OLEDs have been developed for display applications due to their advantages like improved brightness, better power efficiency, faster response time, and coloring performance. However, the OLED devices are subject to diffusion of environmental moisture and oxygen, which may damage the organic materials and oxidize the conductive electrodes therein. This can lead to degraded performance and reduced lifetime of the OLED devices. Therefore, improved sealing processes are very important for their practical manufacturing, so as to protect the OLED devices from being penetrated by the environmental moisture and oxygen.
Recently, the frit sealing technique has been used to the OLED packaging, and it is proved to have effective prevention of moisture and oxygen. A display may include a cover plate or a base plate, which has a displaying region and a non-displaying region surrounding the displaying region. A frit can be dispensed on the non-displaying region and then baked in an oven at about 470, so that it can be glazed. The glazed frit is then emitted by a laser beam to be sintered, so that it can join the cover plate and the base plate tightly. The laser emission facilitates precise control of the frit curing.
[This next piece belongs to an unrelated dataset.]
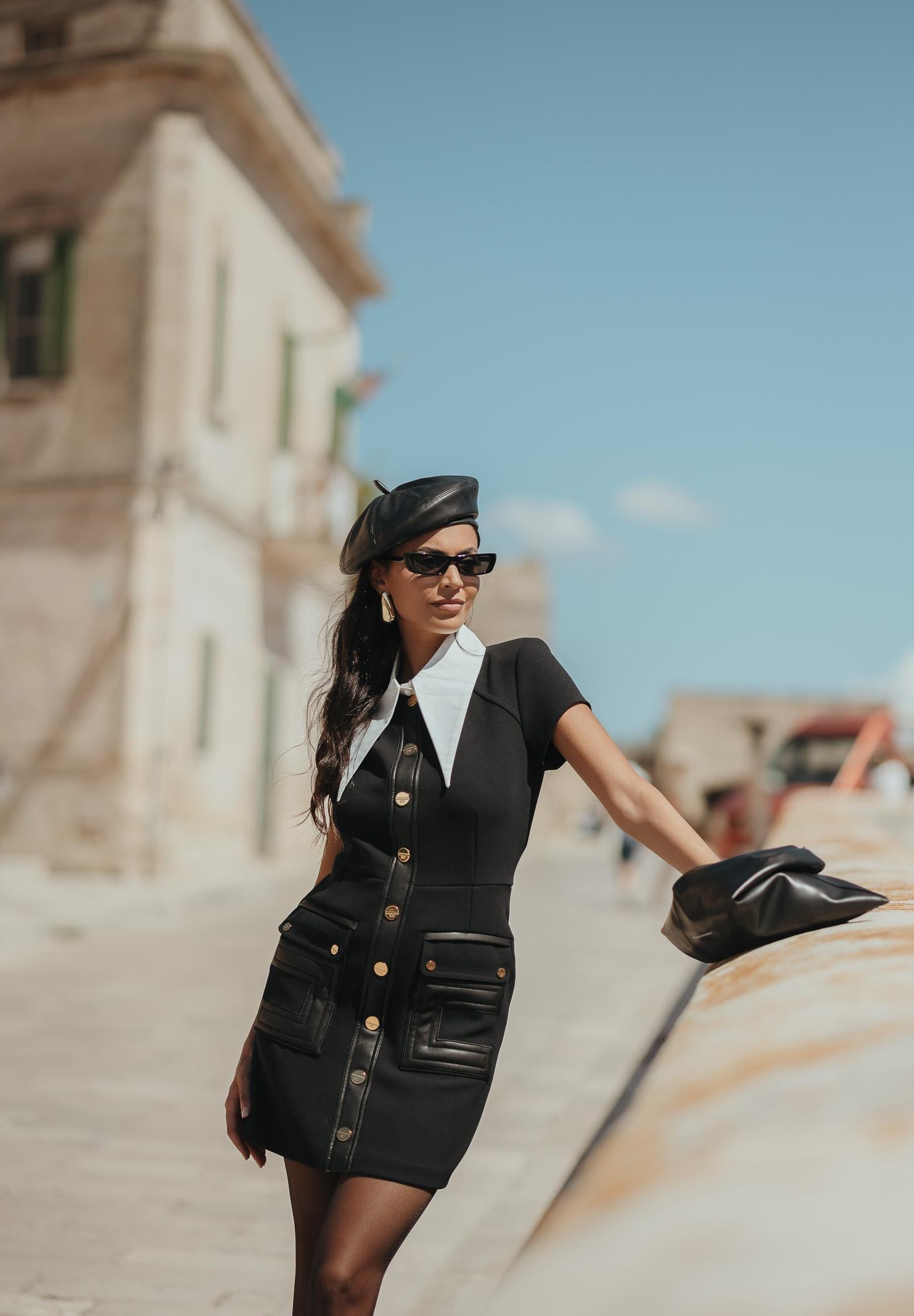 ELISABETTA FRANCHI Abito corto nero da donna con dettagli logo

In the frit-sealing process, the frit glazing is performed before the frit sintering, so it can be recited as “pre-sintering”, also.
As described above, the high-temperature condition is used in the frit glazing, so it would be not applicable to flexible plastic substrates, such as a cover plate with a color filter in the white-light OLED device. Although the laser heating can also be used to replace the high-temperature baking in the pre-sintering process, a curve breach 10 is often formed at start or end locations of the laser emission, as shown in FIG. 1, leading to the failure in the subsequent laser sealing process of the device. Consequently, it is in need to develop a new frit pre-sintering method for the organic electronic or opto-electronic devices.